What that means is, a sequence can never be unbounded and convergent. (which rules out #3)

So: if you can prove it converges, you automatically know it is bounded.  And if you can prove is it unbounded, you automatically know it is not convergent.

The sequence 1/An is neither convergent, nor bounded.


To see this, we first try an example.


Consider: {An} = 1, 1/2, 1/3, 1/4, 1/5, ...

Then, the sequence {1/An}  is  1,2,3,4,5,...

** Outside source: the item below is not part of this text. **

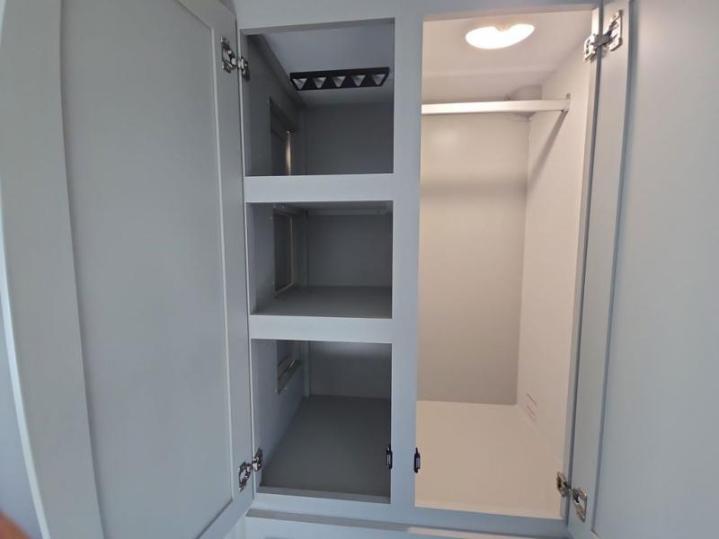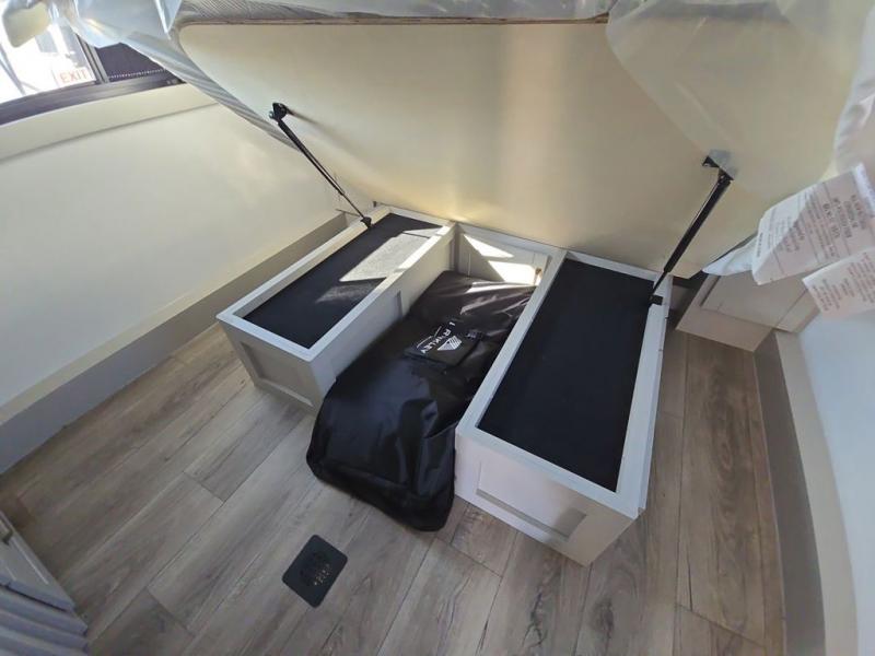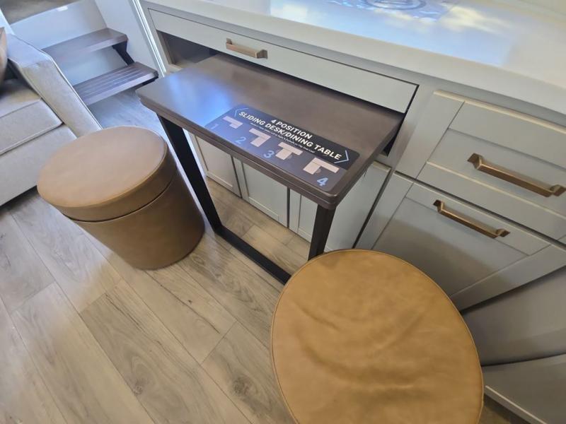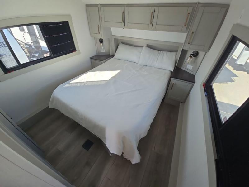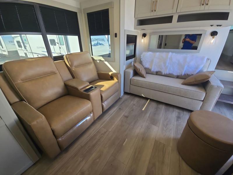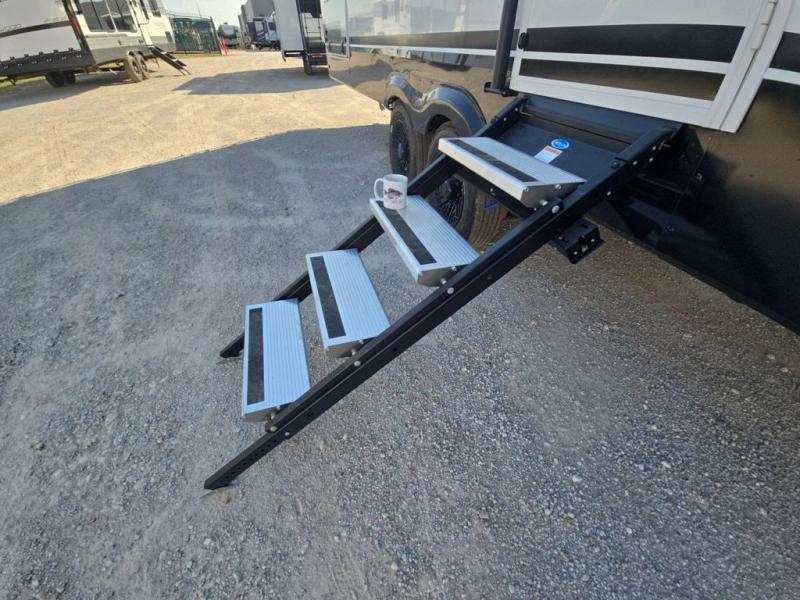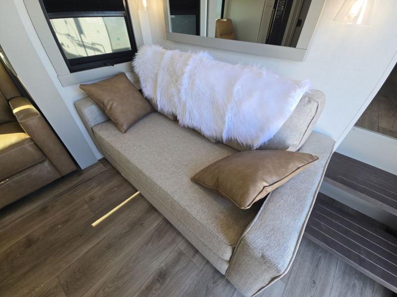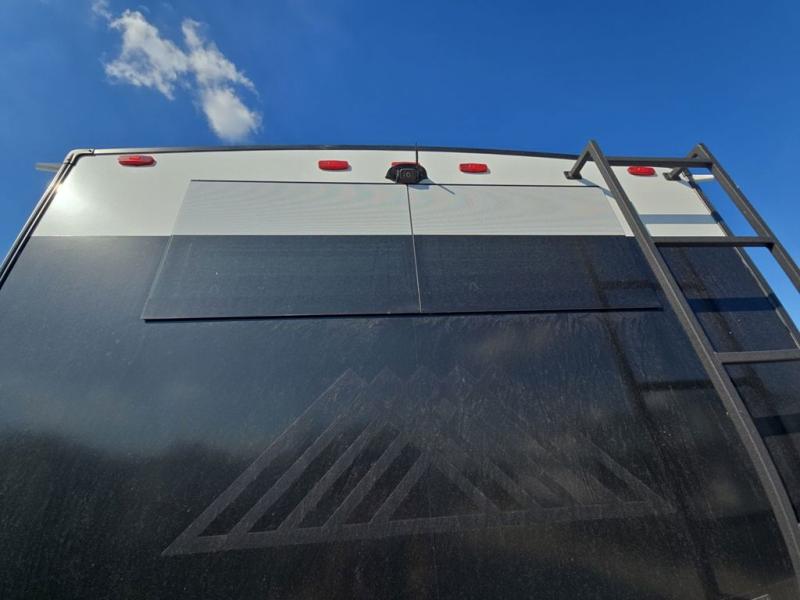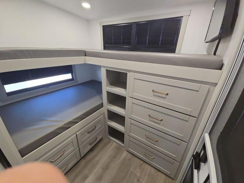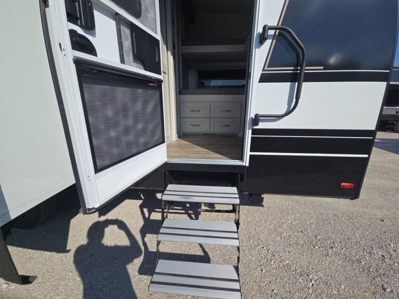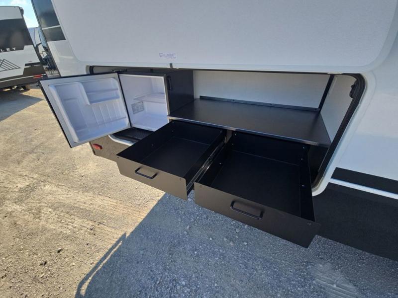 Start living your best camping life in this fifth wheel! The rear bunkhouse has an L shaped 72" x 92" x 32" top bunk above cubbies and a 44" x 72" bottom bunk, plus its very own private entrance/exit door to the unit. Just outside the bunkhouse is the kitchen which has everything you need to prepare your best home cooked meals including a flip-up countertop extension, a trash bin with Stow N' Go paper towel, and an area prepped for a dishwasher. Enjoy your delicious home cooked meals at the sliding dining/desk table then relax on either the 62" theater seating or 64" tri-fold sofa that extends into a 54" x 70" bed for more guests. As you step up the stairs to head up to the full bathroom and front private bedroom, you will notice that they have shoe storage to keep things tidy. Crank up the tunes with the exterior speakers and grab a cold beverage from the exterior refrigerator with storage drawers near it too!

This sequence is unbounded.

 

 

 

Now, for the details:

If An converges to 0, then eventually all the numbers are within 1 of 0.  That is, |An|<1

But that means that |1/An|>1

So eventually, all of the numbers in 1/An are larger than 1 or less than -1

 

We can repeat this argument:

If An converges to 0, then eventually all the numbers are within 1/2 of 0.  That is, |An|<1/2

But that means that |1/An|>2

So eventually, all of the numbers in 1/An are larger than 2 or less than -2

 

If An converges to 0, then eventually all the numbers are within 1/10 of 0.  That is, |An|<1/10

But that means that |1/An|>10

So eventually, all of the numbers in 1/An are larger than 10 or less than -10

 

We can play this game for any number.

Thus, we can show that, eventually, all of the numbers in the sequence |1/An| are very large, as large as we would want.  Thus, the sequence is unbounded.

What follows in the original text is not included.